'''
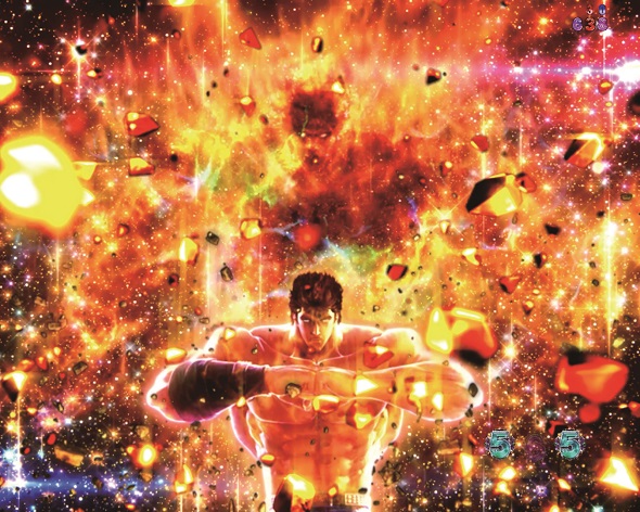リーチ後ボタン ボタンプッシュで様々な演出が発生する。 強敵背景 発生すれば期待度大幅アップ、プレミアムパターンも複数存在する。 世紀末救世主予告 発生すれば真剣バトルリーチ以上への発展が濃厚となり、演出の最後にケンシロウが百裂拳を放てば期待度大幅アップ。 SP発展演出 リーチ発生後に死兆星役物が発動すると、登場した強敵に対応したSPリーチへ発展する。 ※HAZUSE調べによるものです。
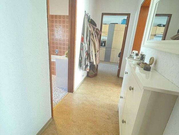 Diese herrliche Wohnung befindet sich im 1. Obergeschoss eines Hochhauses mit 88 Wohneinheiten, welches 1973 massiv erbaut wurde. Der große Eingangsbereich/Flur bietet genügend Platz für eine Gardero...
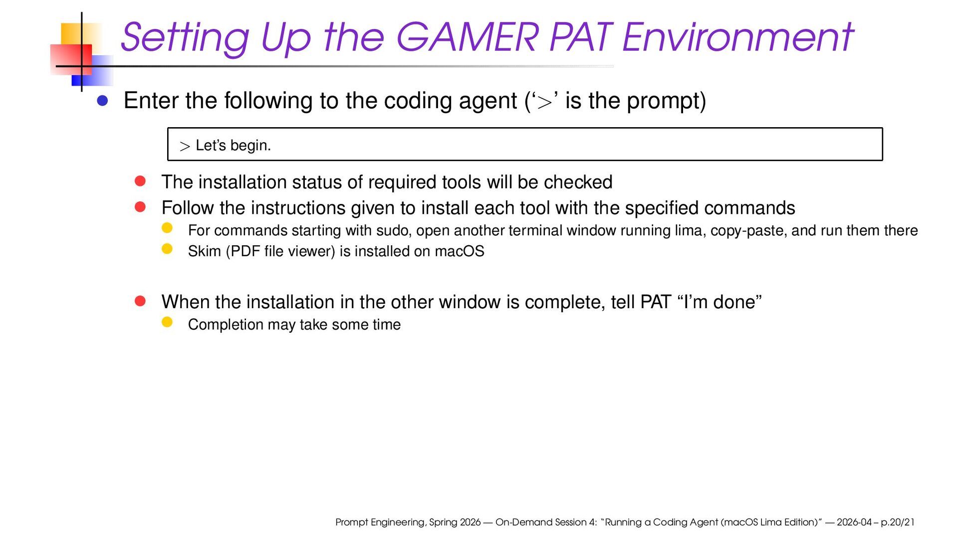 the coding agent (‘>’ is the prompt) > Let’s begin. The installation status of required tools will be checked Follow the instructions given to install each tool with the specified commands For commands starting with sudo, open another terminal window running lima, copy-paste, and run them there Skim (PDF file viewer) is installed on macOS When the installation in the other window is complete, tell PAT “I’m done” Completion may take some time Prompt Engineering, Spring 2026 — On-Demand Session 4: “Running a Coding Agent (macOS Lima Edition)” — 2026-04 – p.20/21
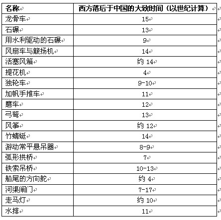 某些机械和其他技术超前西方国家简表
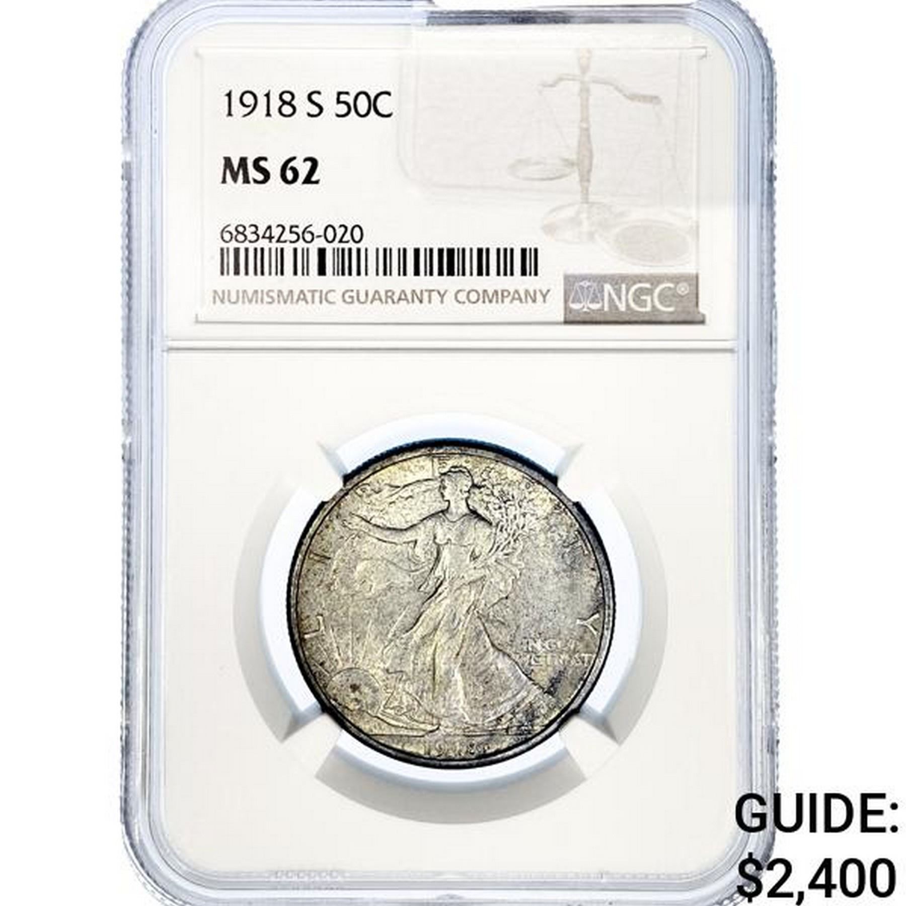 1918-S Walking Liberty Half Dollar NGC MS62
'''
TASK: Please reproduce the listing exactly from its opening line through the line that contains "Diese herrliche Wohnung", both included, with all pictures omitted.

TASK RESPONSE:
リーチ後ボタン ボタンプッシュで様々な演出が発生する。 強敵背景 発生すれば期待度大幅アップ、プレミアムパターンも複数存在する。 世紀末救世主予告 発生すれば真剣バトルリーチ以上への発展が濃厚となり、演出の最後にケンシロウが百裂拳を放てば期待度大幅アップ。 SP発展演出 リーチ発生後に死兆星役物が発動すると、登場した強敵に対応したSPリーチへ発展する。 ※HAZUSE調べによるものです。
 Diese herrliche Wohnung befindet sich im 1. Obergeschoss eines Hochhauses mit 88 Wohneinheiten, welches 1973 massiv erbaut wurde. Der große Eingangsbereich/Flur bietet genügend Platz für eine Gardero...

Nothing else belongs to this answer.